Reference Configurations

TensorRT-LLM provides 170+ pareto-optimized serving configurations in the examples/configs/database/ directory. These configs are pre-tuned for:

Multiple models (Llama, DeepSeek, Mixtral, GPT, etc.)
Different GPU types (H100, A100, B200, etc.)
Various ISL/OSL combinations (input/output sequence lengths)
Different concurrency levels (1 to 2048+ concurrent requests)

Always start with reference configs as your baseline. These configurations have been profiled and optimized for specific workload patterns.

Using Reference Configs

The lookup.yaml file maps configurations to specific scenarios:

- model: deepseek-ai/DeepSeek-R1-0528
  arch: DeepseekV3ForCausalLM
  gpu: B200_NVL
  isl: 1024
  osl: 1024
  concurrency: 16
  config_path: examples/configs/database/deepseek-ai/DeepSeek-R1-0528/B200/1k1k_tp8_conc16.yaml
  num_gpus: 8

Example Reference Config

Here’s a production-optimized config for DeepSeek-R1 on B200 GPUs:

max_batch_size: 512
cuda_graph_config:
  enable_padding: true
  max_batch_size: 16
print_iter_log: true
kv_cache_config:
  dtype: fp8
  free_gpu_memory_fraction: 0.8
stream_interval: 10
moe_config:
  backend: TRTLLM
speculative_config:
  decoding_type: MTP
  num_nextn_predict_layers: 3
tensor_parallel_size: 8
moe_expert_parallel_size: 8
trust_remote_code: true
max_num_tokens: 3136
max_seq_len: 2068

Key parameters:

max_batch_size: 512 - Maximum concurrent requests
kv_cache_config.dtype: fp8 - FP8 KV cache for 2x memory savings
kv_cache_config.free_gpu_memory_fraction: 0.8 - Use 80% of GPU memory
tensor_parallel_size: 8 - Distribute model across 8 GPUs
speculative_config - Enable multi-token prediction for faster decoding

Batch Size Optimization

Batch size is the most critical parameter for throughput optimization.

How Batch Size Affects Performance

Small Batches

Pros:

Lower latency per request
Better for interactive workloads

Cons:

Poor GPU utilization
Lower overall throughput

Large Batches

Pros:

Higher GPU utilization
Maximum throughput

Cons:

Higher latency per request
Requires more memory

Finding Optimal Batch Size

Start with Reference Config

Use the reference config for your model, GPU, and workload pattern as a baseline.
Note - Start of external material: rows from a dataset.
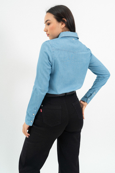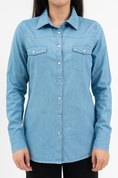 Női blúz vékony farmer anyagból. Karcsúsított fazon. Végig patentos . Fémcímkével díszítve.
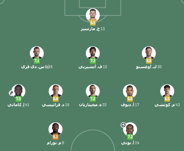 هاي كورة – حصل لاعبو إنتر ميلان على تقييمات جيدة بعد أدائهم في الشوط الأول من مباراة تورينو بالدور ربع النهائي من كأس إيطاليا.
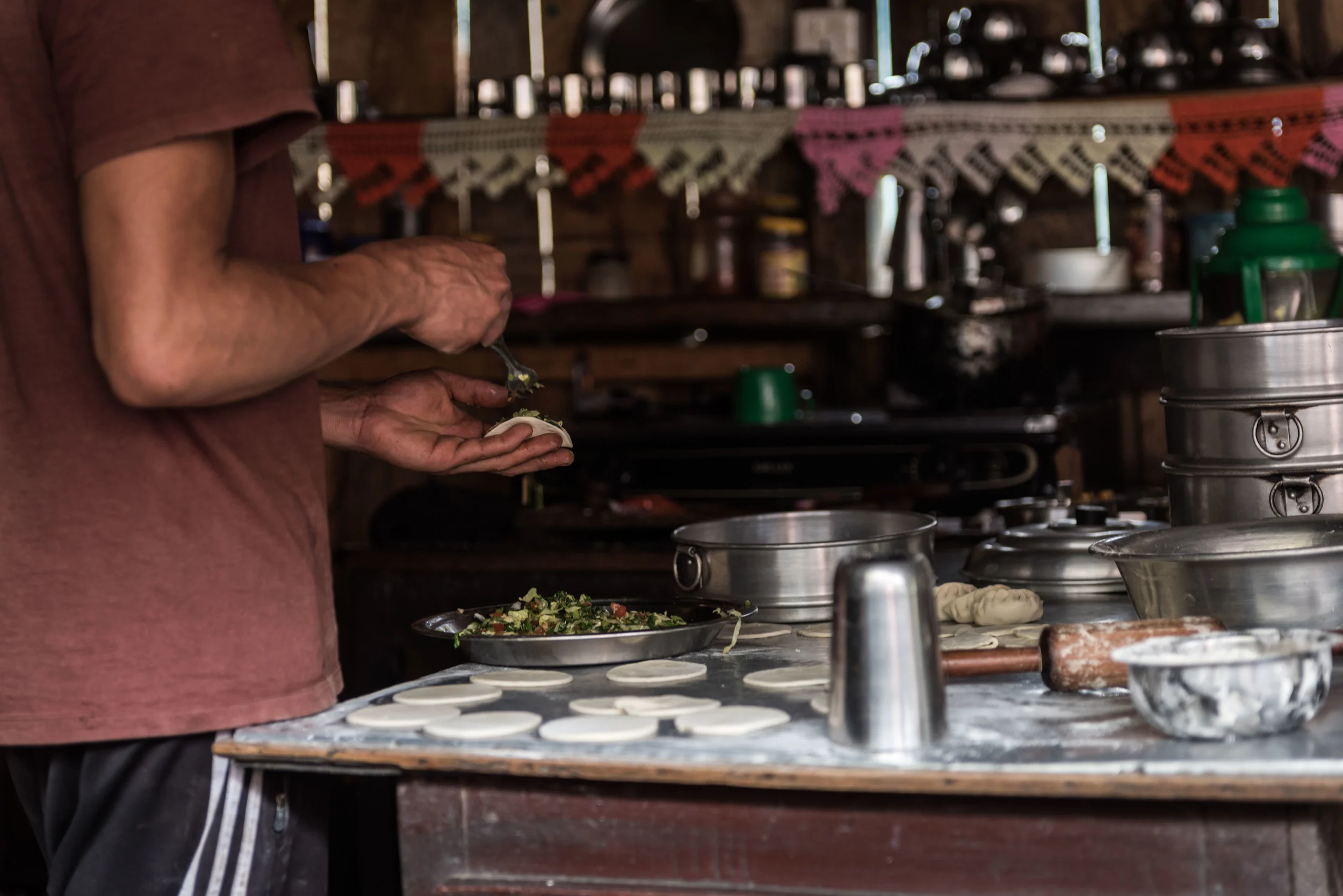 Along the trip we used to stop for lunch at different places and at this one guesthouse between Tadapani and Chomrong you could totally see that they loved to cook. They had LOVE for food. The kitchen was the most decorative I had seen in the mountains and everything was made fresh. Its amazing how they cook with fire and control this heat, not like at home when you just turn down the gas it’s a heat you need to manage here. I was super fortunate enough to actually try and make Momo’s here. Try, being the right word. There’s definitely technique and some practice needed. I can make fresh raviolis day in and day out but the pinch technique of dumplings is something new to me. I’ll definitely look forward to making Momo’s at home. See the concentration face in the pic.
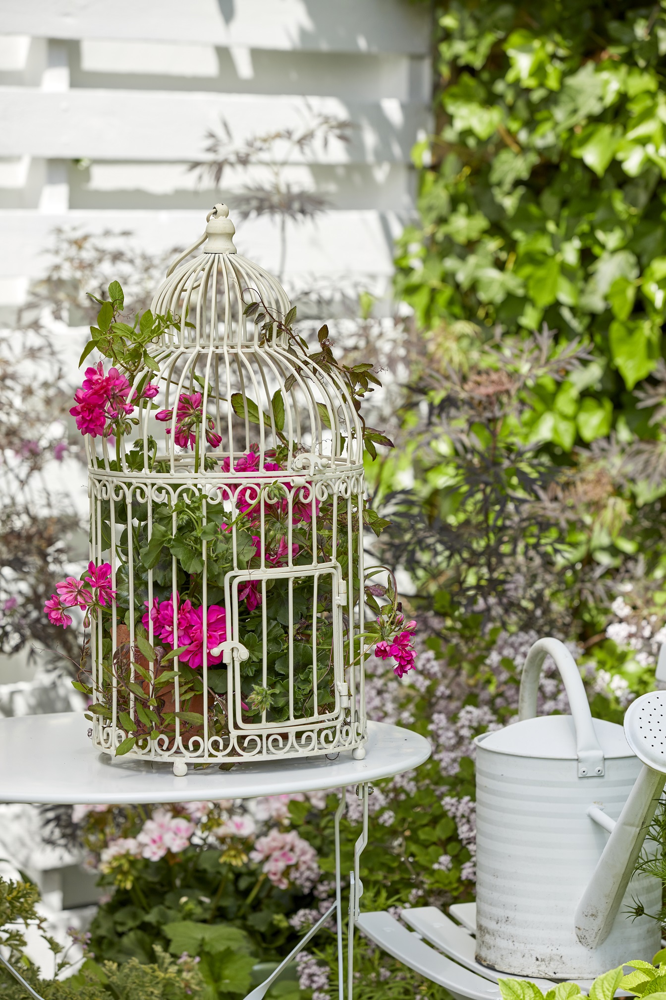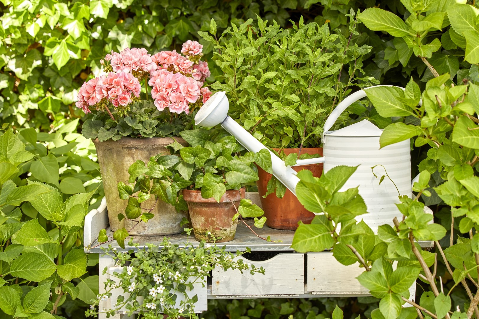 Ova bijela drvena komoda imala je i boljih dana. Ipak, okružena bujnim zelenilom, čini atraktivan dio vrta u kojem bujna ružičasta pelargonija u atraktivnoj posudi od terakote, zajedno s bršljanom, začinskim biljem i bijelom metalnom kantom za zalijevanje predstavlja ljupki prizor.
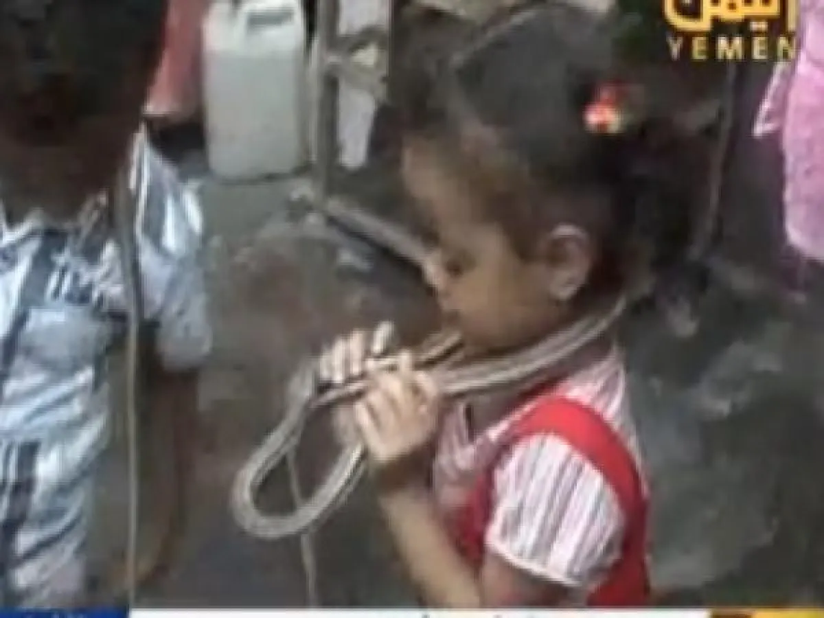 أظهر مقطع فيديو بثته القناة اليمنية مجموعة من أفراد أسرة يمنية في محافظة الحديدة وهي تعيش مع عدة أفاعِ في منزلها متخذة منها مصدر رزق لدر الدخل على العائلة.
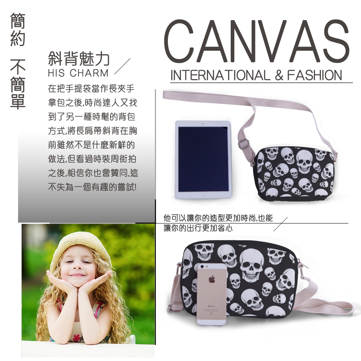 黑底骷髏頭可愛帆布包材料包
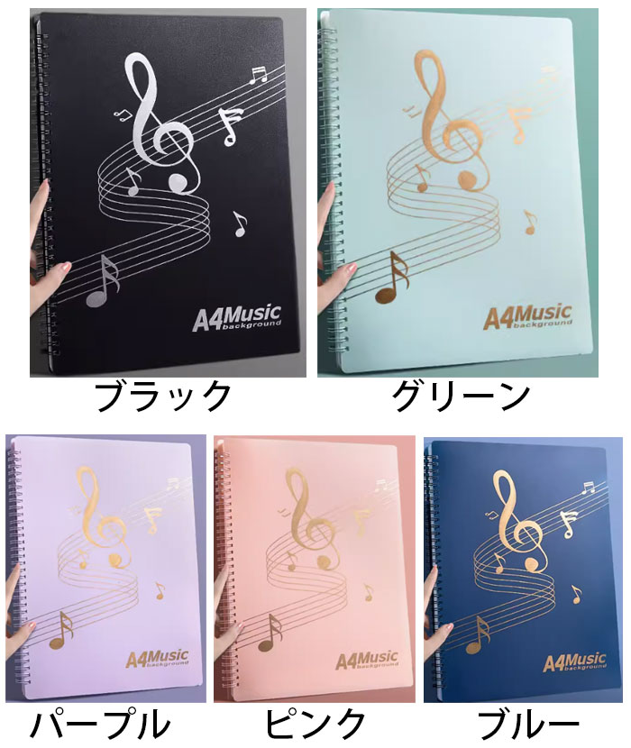 楽譜入れファイル 書き込み ブラック グリーン パープル ピンク ブルー 40枚 60枚 80枚 書き込みできる A4 中学生 高校生 バンドファイ 楽譜用ファイル
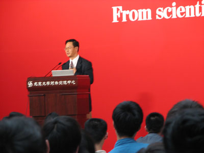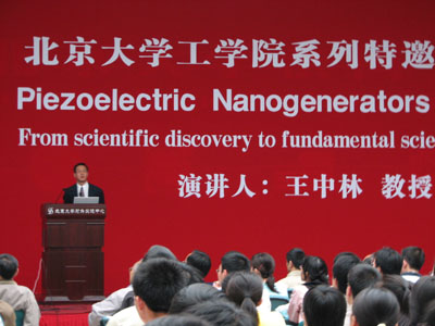 5月11日下午(周四)下午2:30,88858cc永利官网在英杰交流中心阳光大厅举行了系列特邀讲座第三讲,由88858cc永利官网先进材料与纳米技术系主任王中林教授进行题为Piezoelectric Nanogenerators From scientific discovery to fundamental science to practical applications的专题讲座。王中林教授同时还但任美国佐治亚理工大学讲席教授、中国国家纳米科学中心海外主任。这次讲座是王中林教授担任88858cc永利官网先进材料与纳米技术系主任以来,首次在北大举行专题讲座。

Measure Current Performance

Benchmark with your actual workload:

trtllm-bench --model meta-llama/Llama-3.1-8B \
  throughput \
  --dataset your_dataset.jsonl \
  --backend pytorch \
  --config baseline.yaml

Experiment with Batch Sizes

Test increasing batch sizes until throughput plateaus or memory is exhausted:

# Test configurations
max_batch_size: 64   # baseline
max_batch_size: 128  # 2x increase
max_batch_size: 256  # 4x increase
max_batch_size: 512  # 8x increase

Monitor Memory Usage

Check GPU memory during benchmarks:

nvidia-smi dmon -s mu

Setting max_batch_size too high can cause OOM errors. Always monitor GPU memory usage and leave headroom for KV cache growth.

KV Cache Optimization

The KV (Key-Value) cache stores attention states for generated tokens. Proper sizing is critical for performance.

KV Cache Memory Usage

KV cache memory scales with:

Batch size - More concurrent requests = more cache
Sequence length - Longer sequences = larger cache per request
Model size - More layers/heads = more cache per token
Data type - FP16 (2 bytes) vs FP8 (1 byte) vs FP4 (0.5 bytes)

Configuration Options

kv_cache_config:
  # Data type for KV cache
  dtype: fp8  # Options: auto, fp16, fp8
  
  # GPU memory fraction reserved for KV cache
  free_gpu_memory_fraction: 0.8  # Use 80% of available memory
  
  # Enable KV cache reuse across requests
  enable_block_reuse: true

KV Cache Quantization

Reducing KV cache precision can dramatically increase capacity:

Data Type	Memory per Token	Capacity Gain	Accuracy Impact
FP16	2 bytes	1x (baseline)	None
FP8	1 byte	2x	Minimal (less than 1% degradation)
FP4	0.5 bytes	4x	Small (~2-3% degradation)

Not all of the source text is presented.